La Mariotte cria, pleura et se mit à chercher une cache pour ses effets ; quant à moi, si je croyais encore aux brigands, je ne les craignais plus, j’avais la tête montée ; je me disais que, si mon oncle et mes cousins étaient tués, je n’avais que faire de vivre, et, laissant la Mariotte à ses préoccupations, je pris Rosette et la menai aux champs. Fallait-il la laisser mourir de faim pour la sauver du pillage ?

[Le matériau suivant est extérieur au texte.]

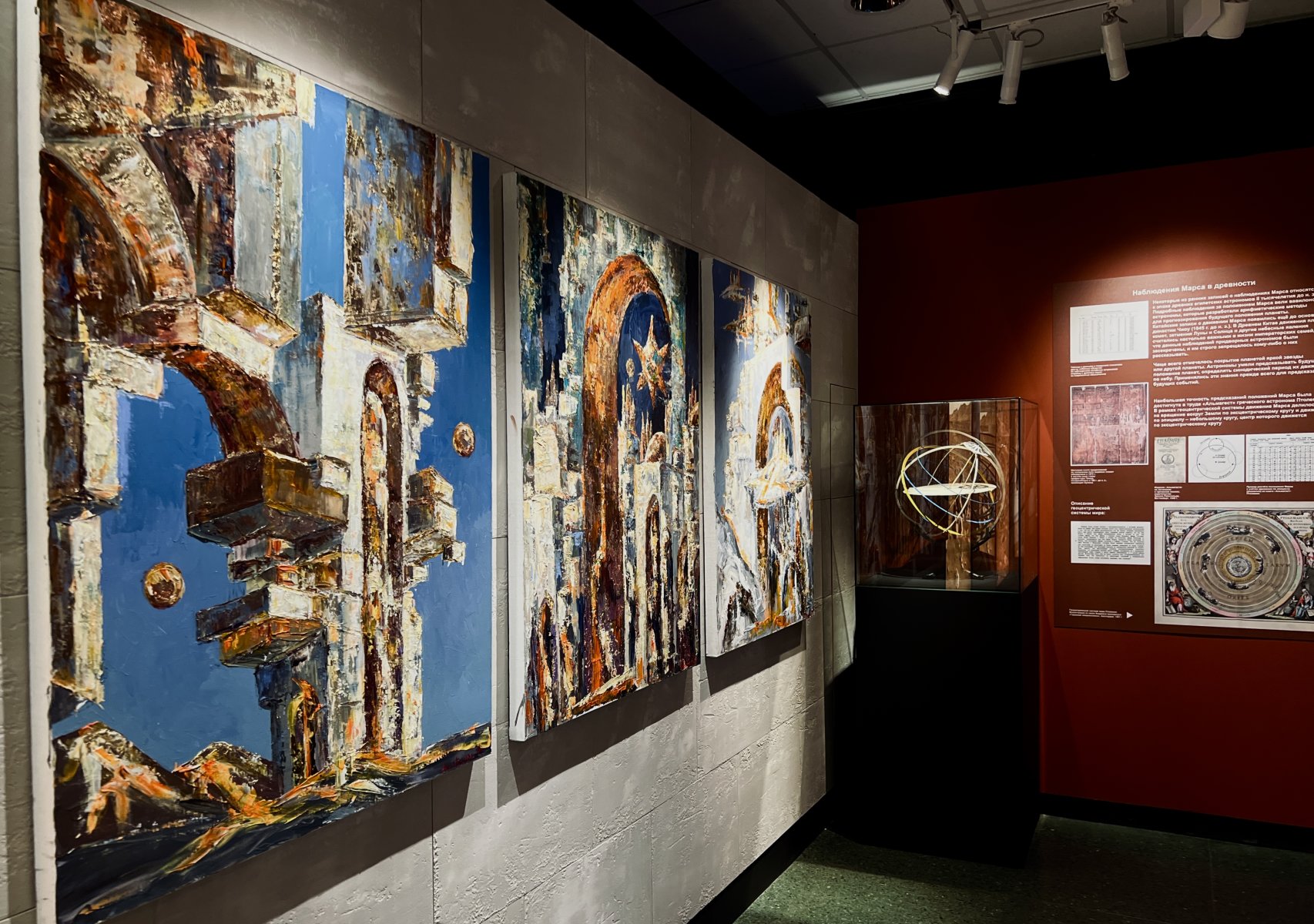 Перед посетителями предстанут копии старинных гравюр с изображением Марса, фотографии, рисунки, книги о Красной планете, марсианские карты, триптих Анны Быковой «Космические города» и многое другое.
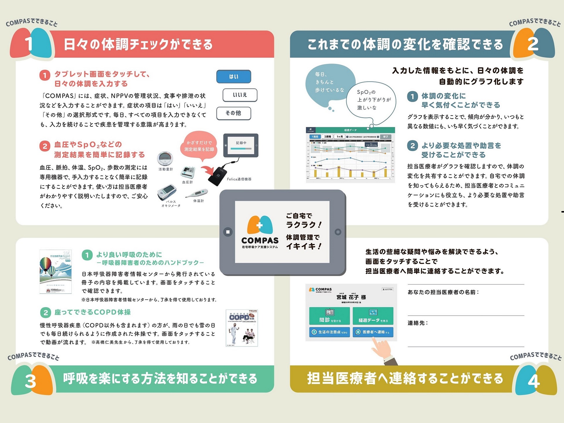 - 呼吸器疾患の方のQOL向上、セルフマネジメント支援方法の構築について、協力いたします。
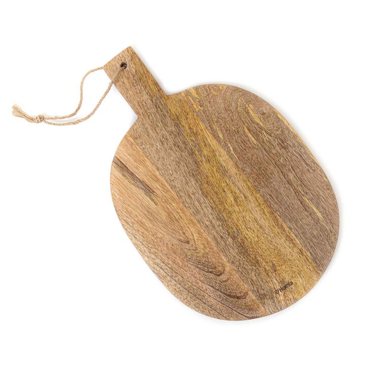 SOSER MANGO ploča je zaobljenog oblika. Proizvod ima praktičnu i estetski dopadljivu ručku, tako da ga možete jednostavno objesiti na kuku kako biste uštedjeli prostor na pultu. To vam također pomaže da udobno nosite ploču. Osim toga, ima dvije izdužene noge koje mu daju veću stabilnost.
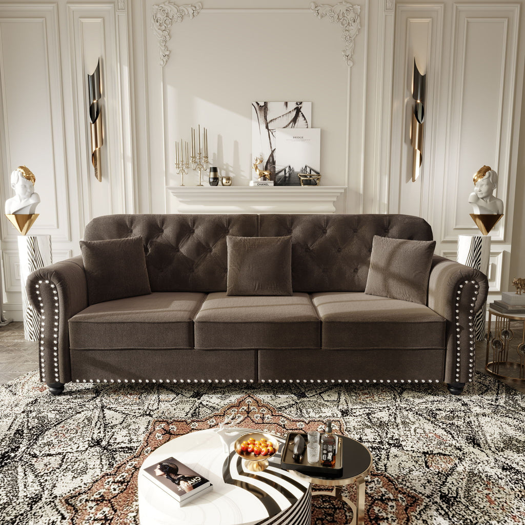 Upholstered Sofa With Nailhead Trim And Rolled Armrests, 3 Pillows - Brown
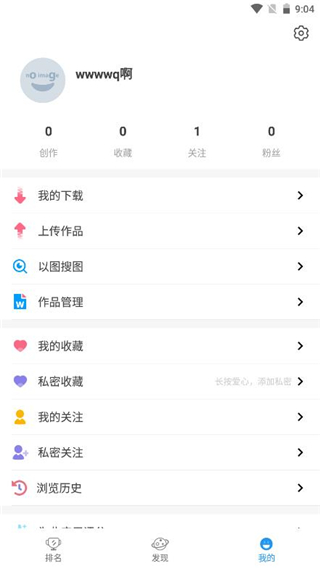 7、进入我的界面,即可看到该账户收藏、粉丝、下载上传等情况;
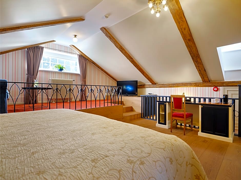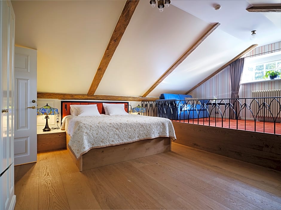 This mansard split-level room features a bathroom with a sauna. There is a seating area featured on the second level and a sofa-bed for children.
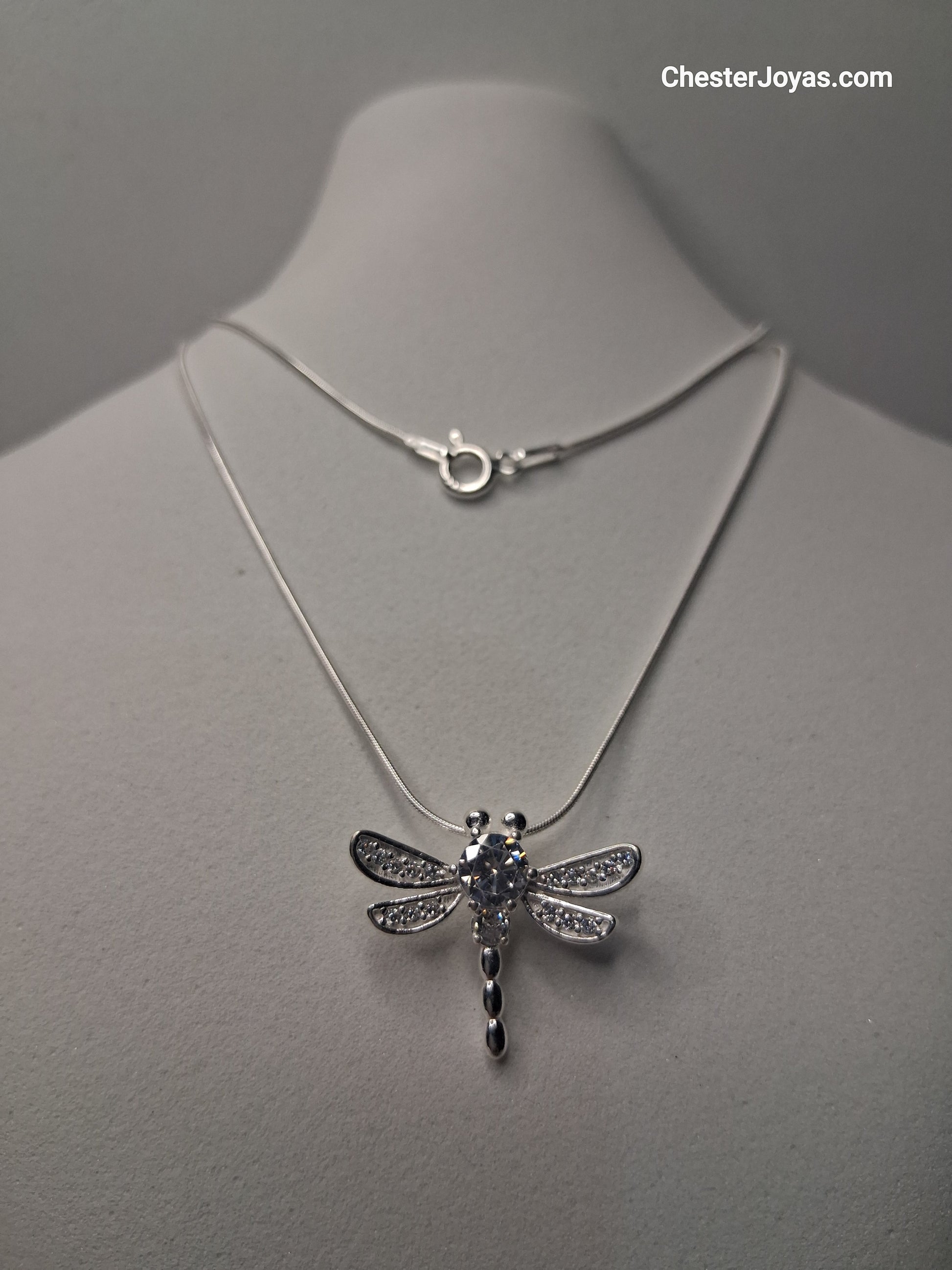 Nuestro collar de libélula está elaborado en Plata 925, con un dije elegante embellecido con piedras blancas de brillo intenso que capturan la luz y realzan tu estilo en cualquier ocasión.

L’envie de savoir me mena très loin sur le grand plateau semé de bois, mais je ne pus rien voir, parce que les paysans, réunis en troupes, guettaient ou se glissaient avec précaution dans les genêts et les ravines. Tout en regardant au loin à travers les arbres, je me trouvai empêchée tout d’un coup par quelqu’un qui se levait du milieu des buissons : c’était le petit frère qui chassait tranquillement et guettait les renards, sans souci de la guerre aux brigands.

— J’aurais cru, lui dis-je, que vous iriez avec les autres, voir au moins s’il y a du danger pour eux.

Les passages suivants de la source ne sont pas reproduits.